Below are some records. Write out exactly their lines from the one with "Het geloof alleen" through the one with "3月18日,因近期疫情反弹,我省遵义市务", and leave the pictures behind.
----
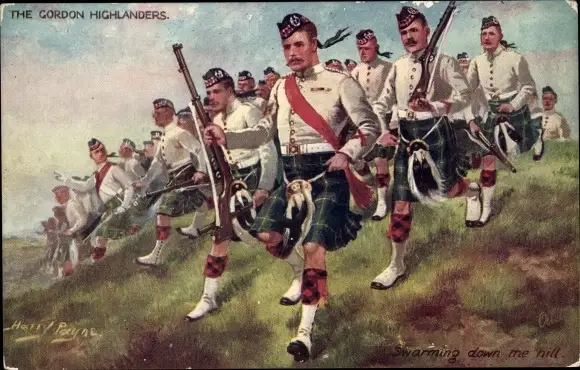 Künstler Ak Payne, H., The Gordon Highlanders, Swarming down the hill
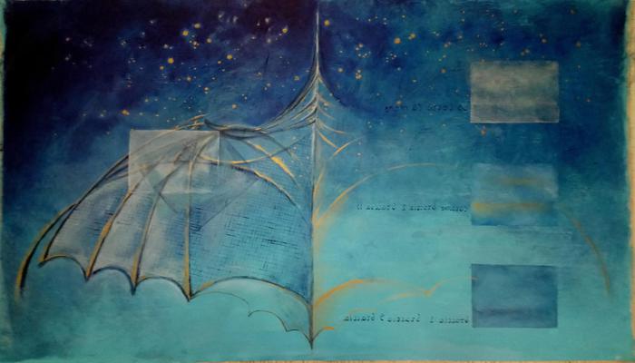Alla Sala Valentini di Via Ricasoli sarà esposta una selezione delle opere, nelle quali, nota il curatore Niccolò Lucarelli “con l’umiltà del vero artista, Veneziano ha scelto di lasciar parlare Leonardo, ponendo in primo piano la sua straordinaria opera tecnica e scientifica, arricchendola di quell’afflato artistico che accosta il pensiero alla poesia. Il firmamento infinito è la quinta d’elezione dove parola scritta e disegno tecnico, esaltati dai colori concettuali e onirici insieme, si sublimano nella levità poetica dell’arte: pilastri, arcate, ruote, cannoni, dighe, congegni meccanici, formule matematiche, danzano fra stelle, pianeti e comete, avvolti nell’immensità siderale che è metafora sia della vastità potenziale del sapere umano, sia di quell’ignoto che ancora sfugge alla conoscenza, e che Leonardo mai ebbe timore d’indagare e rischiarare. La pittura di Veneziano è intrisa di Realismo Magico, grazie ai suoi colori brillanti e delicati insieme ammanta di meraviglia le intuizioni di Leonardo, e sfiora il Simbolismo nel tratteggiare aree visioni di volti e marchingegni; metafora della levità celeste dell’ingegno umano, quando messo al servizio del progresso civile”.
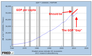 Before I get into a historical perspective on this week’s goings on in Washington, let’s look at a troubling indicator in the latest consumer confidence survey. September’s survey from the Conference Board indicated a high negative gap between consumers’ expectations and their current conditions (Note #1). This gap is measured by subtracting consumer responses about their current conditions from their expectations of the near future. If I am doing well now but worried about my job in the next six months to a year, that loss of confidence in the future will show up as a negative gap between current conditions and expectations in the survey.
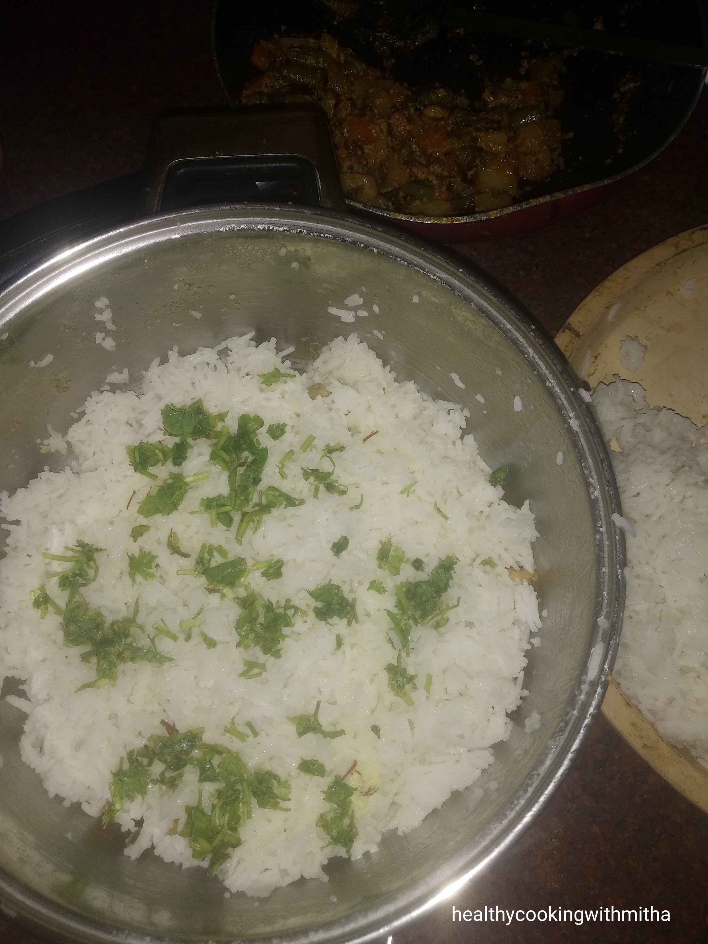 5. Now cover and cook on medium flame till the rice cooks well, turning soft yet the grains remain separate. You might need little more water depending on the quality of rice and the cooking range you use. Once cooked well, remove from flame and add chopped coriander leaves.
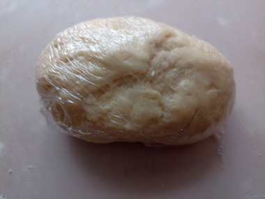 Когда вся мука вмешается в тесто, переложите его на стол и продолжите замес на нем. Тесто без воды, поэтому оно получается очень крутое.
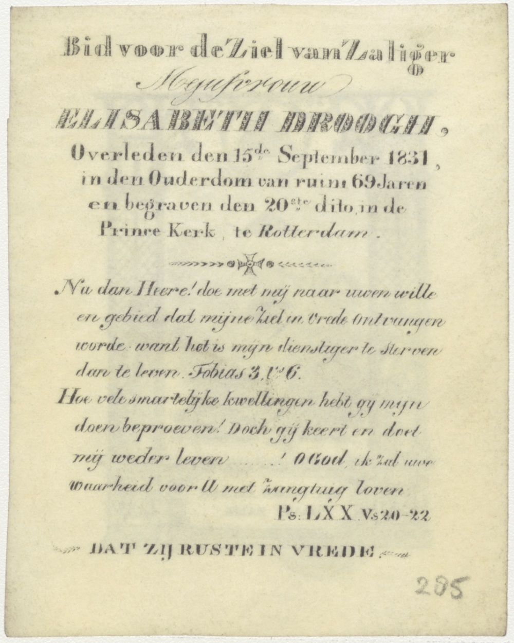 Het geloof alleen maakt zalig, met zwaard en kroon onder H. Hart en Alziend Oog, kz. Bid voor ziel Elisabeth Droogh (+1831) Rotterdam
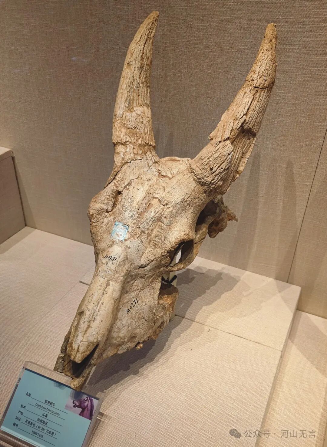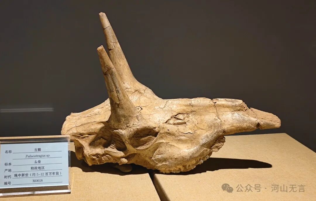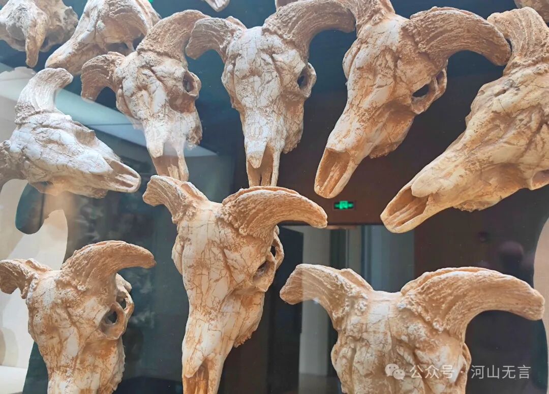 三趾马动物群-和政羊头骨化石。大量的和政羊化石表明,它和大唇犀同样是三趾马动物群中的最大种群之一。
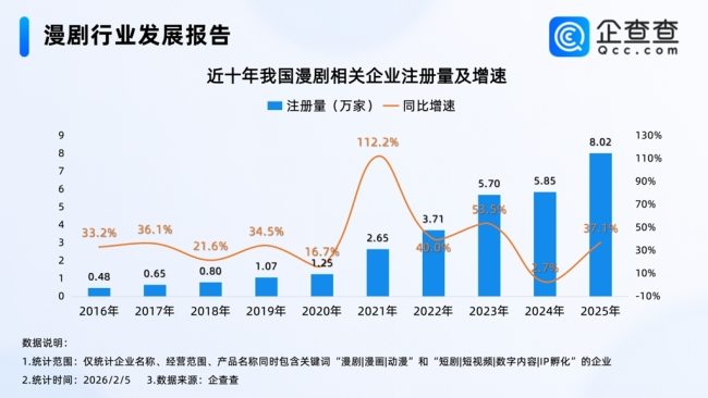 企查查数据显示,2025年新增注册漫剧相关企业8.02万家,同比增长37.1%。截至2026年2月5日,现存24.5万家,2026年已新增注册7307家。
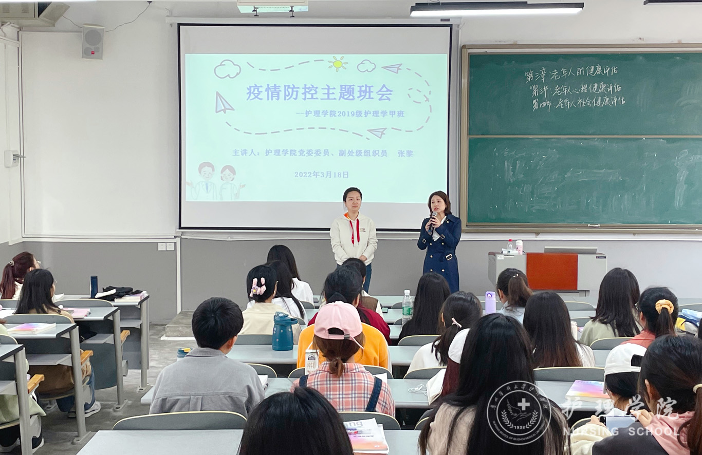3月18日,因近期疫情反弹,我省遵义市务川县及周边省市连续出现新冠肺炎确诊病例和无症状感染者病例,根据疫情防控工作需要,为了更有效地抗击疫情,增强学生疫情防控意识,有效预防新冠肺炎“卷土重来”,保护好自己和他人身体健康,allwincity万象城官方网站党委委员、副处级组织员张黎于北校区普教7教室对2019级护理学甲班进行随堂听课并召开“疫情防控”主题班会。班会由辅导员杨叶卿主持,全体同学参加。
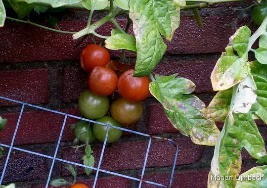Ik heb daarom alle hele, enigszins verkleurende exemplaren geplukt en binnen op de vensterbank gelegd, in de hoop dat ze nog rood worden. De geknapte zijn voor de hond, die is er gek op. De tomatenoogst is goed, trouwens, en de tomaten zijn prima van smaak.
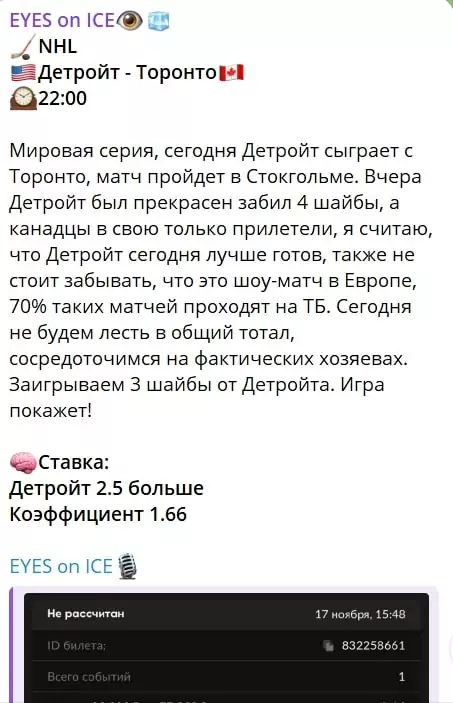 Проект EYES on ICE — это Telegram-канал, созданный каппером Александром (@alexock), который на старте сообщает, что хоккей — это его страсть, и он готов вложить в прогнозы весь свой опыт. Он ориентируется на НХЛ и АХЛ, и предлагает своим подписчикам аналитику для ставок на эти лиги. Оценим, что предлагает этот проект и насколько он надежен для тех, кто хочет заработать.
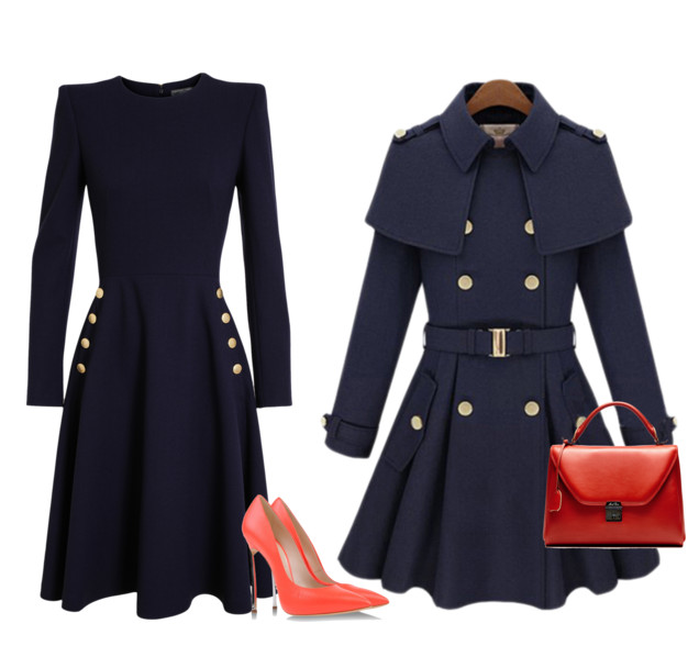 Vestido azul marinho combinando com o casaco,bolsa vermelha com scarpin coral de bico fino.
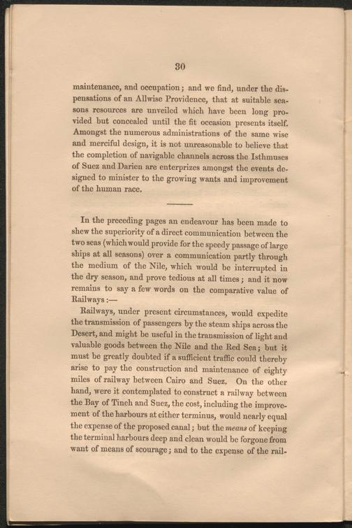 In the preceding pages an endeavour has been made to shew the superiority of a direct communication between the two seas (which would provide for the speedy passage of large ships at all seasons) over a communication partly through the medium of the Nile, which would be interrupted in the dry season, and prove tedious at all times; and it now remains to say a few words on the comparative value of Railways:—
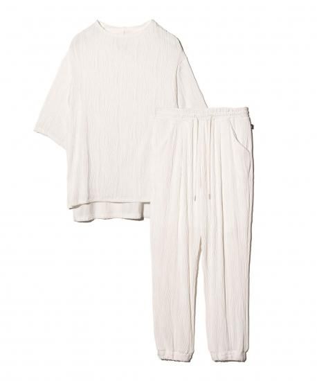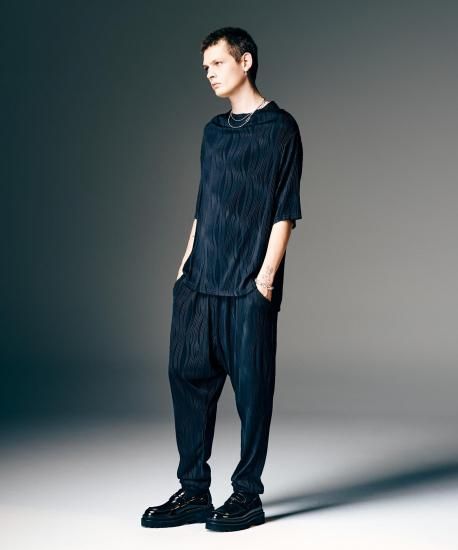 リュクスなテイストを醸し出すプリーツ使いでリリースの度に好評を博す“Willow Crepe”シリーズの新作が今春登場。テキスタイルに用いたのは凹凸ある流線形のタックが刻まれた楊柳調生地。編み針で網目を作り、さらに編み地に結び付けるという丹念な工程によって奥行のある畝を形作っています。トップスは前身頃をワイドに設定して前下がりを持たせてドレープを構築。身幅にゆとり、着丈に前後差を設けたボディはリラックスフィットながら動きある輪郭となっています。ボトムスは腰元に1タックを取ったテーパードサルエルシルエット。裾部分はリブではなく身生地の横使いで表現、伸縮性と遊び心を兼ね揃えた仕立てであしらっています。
----
- TASK RESULT
 Het geloof alleen maakt zalig, met zwaard en kroon onder H. Hart en Alziend Oog, kz. Bid voor ziel Elisabeth Droogh (+1831) Rotterdam
 三趾马动物群-和政羊头骨化石。大量的和政羊化石表明,它和大唇犀同样是三趾马动物群中的最大种群之一。
 企查查数据显示,2025年新增注册漫剧相关企业8.02万家,同比增长37.1%。截至2026年2月5日,现存24.5万家,2026年已新增注册7307家。
3月18日,因近期疫情反弹,我省遵义市务川县及周边省市连续出现新冠肺炎确诊病例和无症状感染者病例,根据疫情防控工作需要,为了更有效地抗击疫情,增强学生疫情防控意识,有效预防新冠肺炎“卷土重来”,保护好自己和他人身体健康,allwincity万象城官方网站党委委员、副处级组织员张黎于北校区普教7教室对2019级护理学甲班进行随堂听课并召开“疫情防控”主题班会。班会由辅导员杨叶卿主持,全体同学参加。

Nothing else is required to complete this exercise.